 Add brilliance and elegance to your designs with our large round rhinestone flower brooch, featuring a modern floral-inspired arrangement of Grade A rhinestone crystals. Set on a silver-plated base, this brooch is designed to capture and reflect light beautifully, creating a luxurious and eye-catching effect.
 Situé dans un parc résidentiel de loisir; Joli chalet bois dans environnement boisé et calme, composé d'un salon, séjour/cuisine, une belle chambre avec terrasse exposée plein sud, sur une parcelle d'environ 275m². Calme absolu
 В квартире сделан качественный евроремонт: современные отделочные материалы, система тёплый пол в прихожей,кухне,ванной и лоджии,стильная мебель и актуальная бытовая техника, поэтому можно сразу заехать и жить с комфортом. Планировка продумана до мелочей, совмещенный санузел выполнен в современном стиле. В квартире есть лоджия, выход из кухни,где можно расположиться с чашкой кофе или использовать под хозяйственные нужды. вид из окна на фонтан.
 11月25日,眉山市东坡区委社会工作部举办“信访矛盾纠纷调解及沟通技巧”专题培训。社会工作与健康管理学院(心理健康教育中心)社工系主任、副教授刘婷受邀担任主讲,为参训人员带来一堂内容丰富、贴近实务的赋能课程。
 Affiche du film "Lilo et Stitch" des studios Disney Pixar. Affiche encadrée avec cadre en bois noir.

##############################

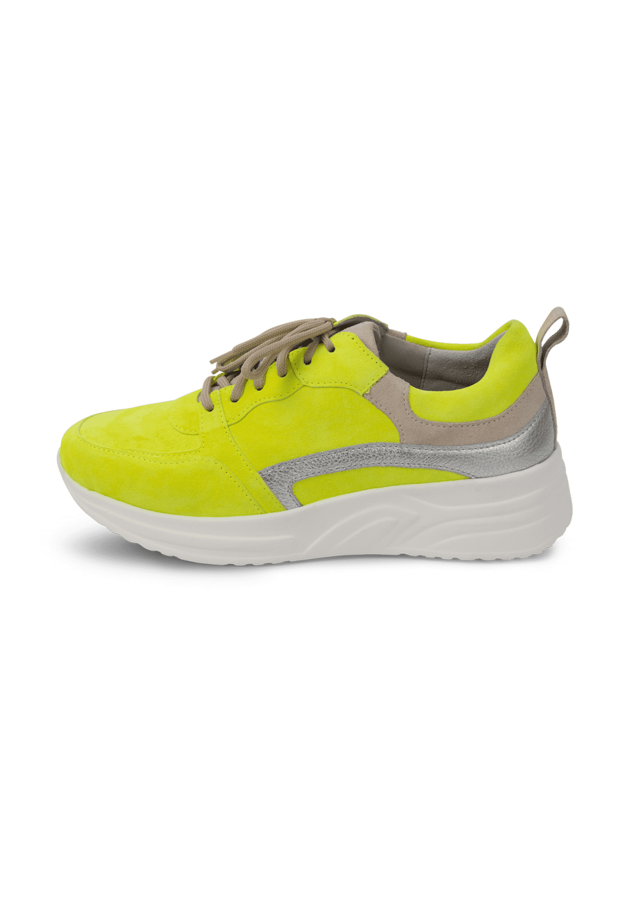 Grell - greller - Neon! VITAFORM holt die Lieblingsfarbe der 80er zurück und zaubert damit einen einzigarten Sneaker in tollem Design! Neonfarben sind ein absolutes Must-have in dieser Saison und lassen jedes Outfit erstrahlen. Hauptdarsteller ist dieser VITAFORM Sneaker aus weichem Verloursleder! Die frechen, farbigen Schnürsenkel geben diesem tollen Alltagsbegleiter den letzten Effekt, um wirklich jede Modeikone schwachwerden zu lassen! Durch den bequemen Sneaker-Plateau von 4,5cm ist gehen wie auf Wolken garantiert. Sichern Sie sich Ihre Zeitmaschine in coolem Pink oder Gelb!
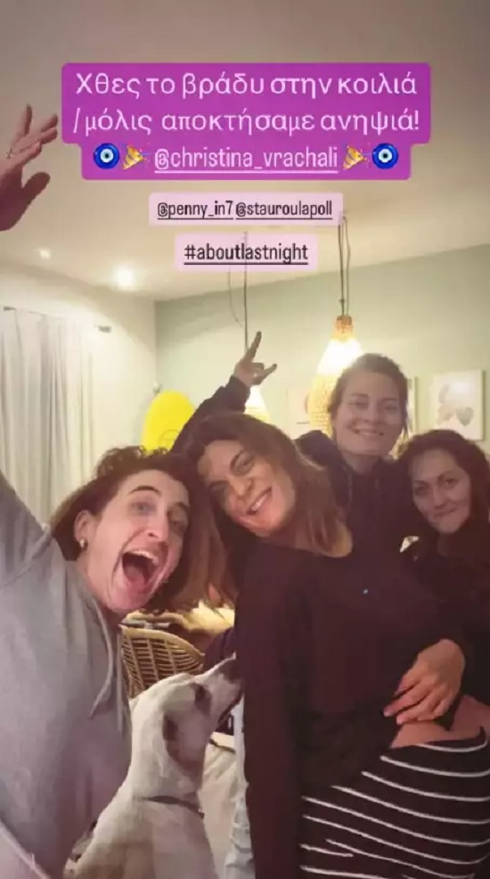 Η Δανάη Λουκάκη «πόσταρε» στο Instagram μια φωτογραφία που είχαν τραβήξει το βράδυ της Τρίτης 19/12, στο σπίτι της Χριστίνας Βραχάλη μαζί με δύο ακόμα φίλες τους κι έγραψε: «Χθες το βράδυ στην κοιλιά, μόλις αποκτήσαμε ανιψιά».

##############################

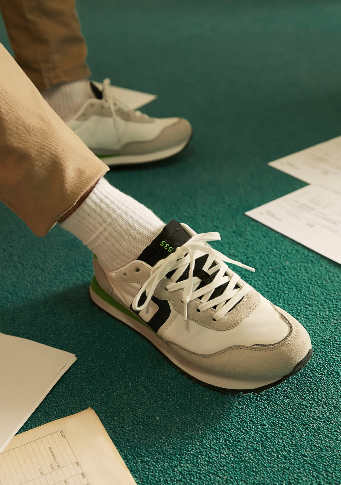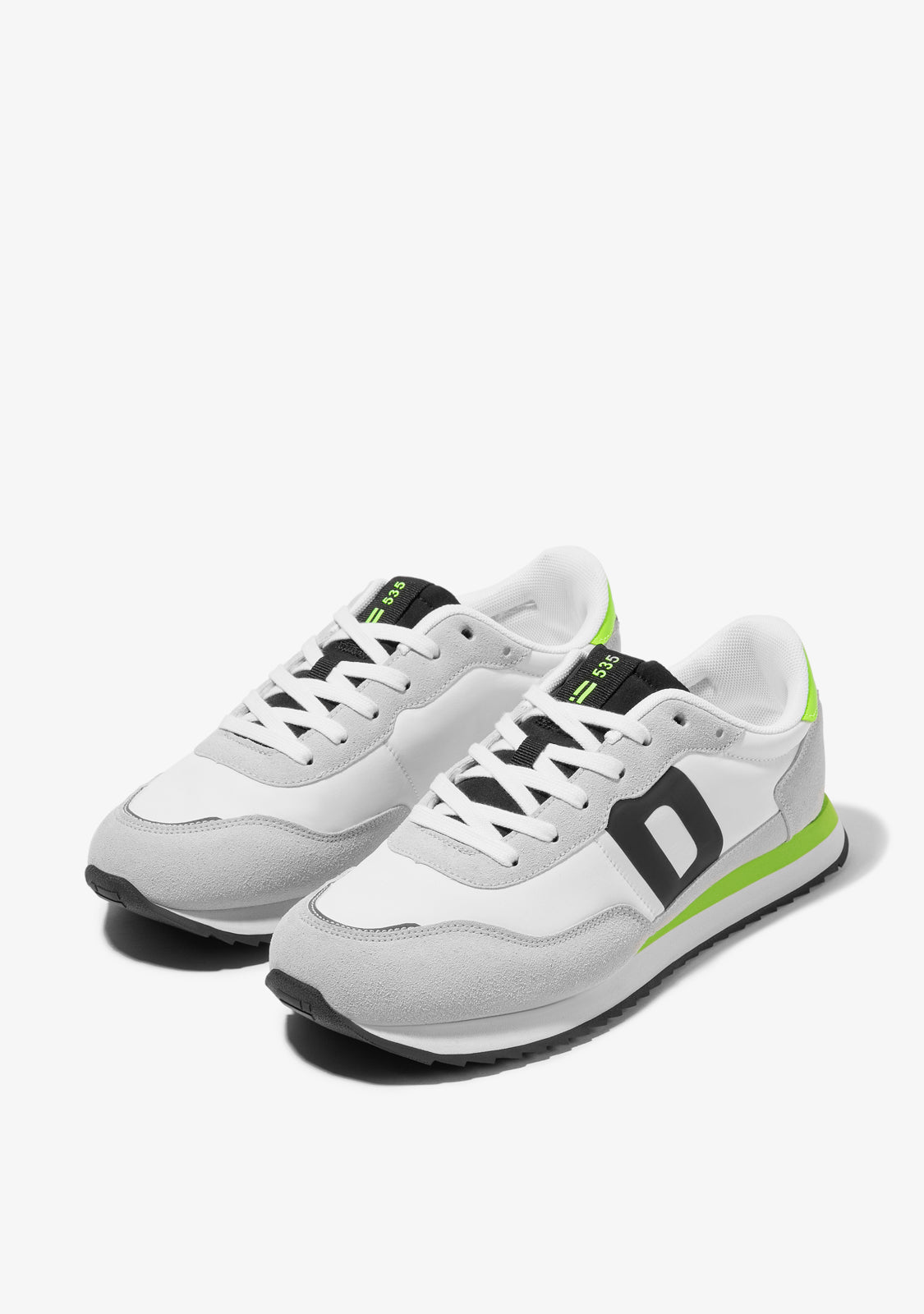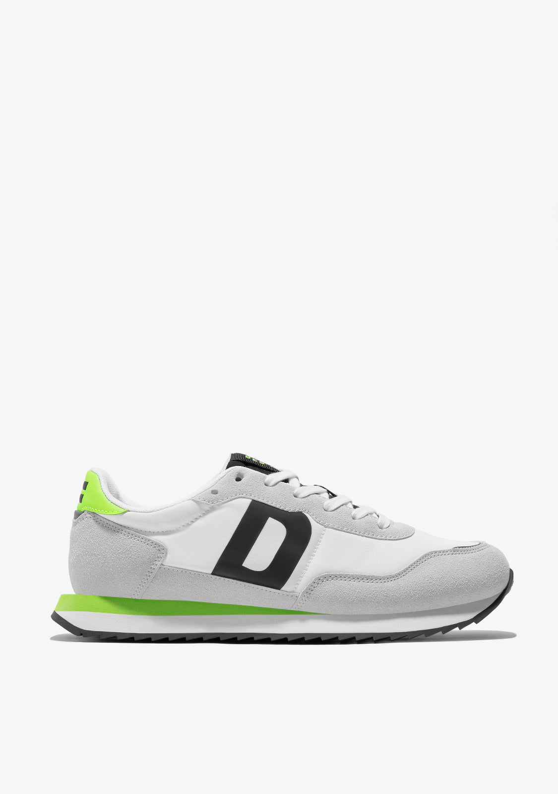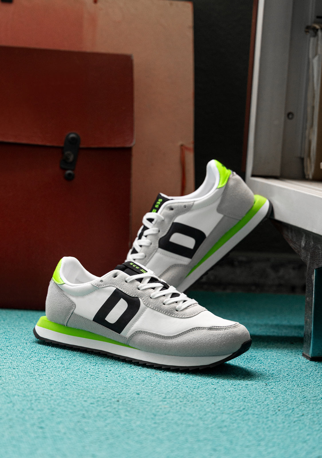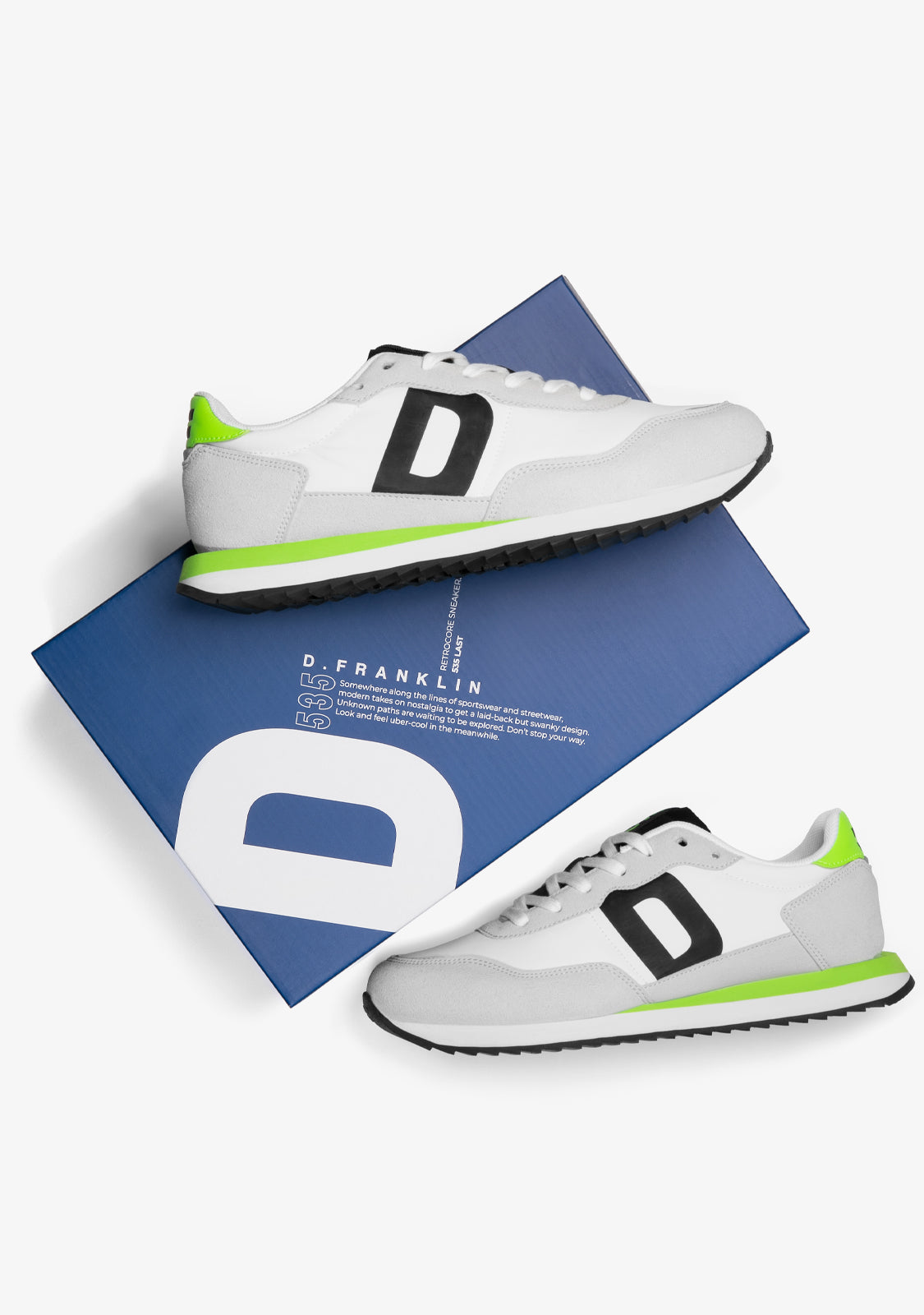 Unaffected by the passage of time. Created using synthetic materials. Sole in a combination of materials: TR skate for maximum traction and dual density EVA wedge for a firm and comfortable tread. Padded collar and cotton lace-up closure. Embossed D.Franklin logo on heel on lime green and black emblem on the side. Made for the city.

##############################

ASSIGNMENT:
Within the entries, find each line holding the string "avec". Reply with how many there are, as a number alone.

SOLUTION TO THIS EXERCISE:
2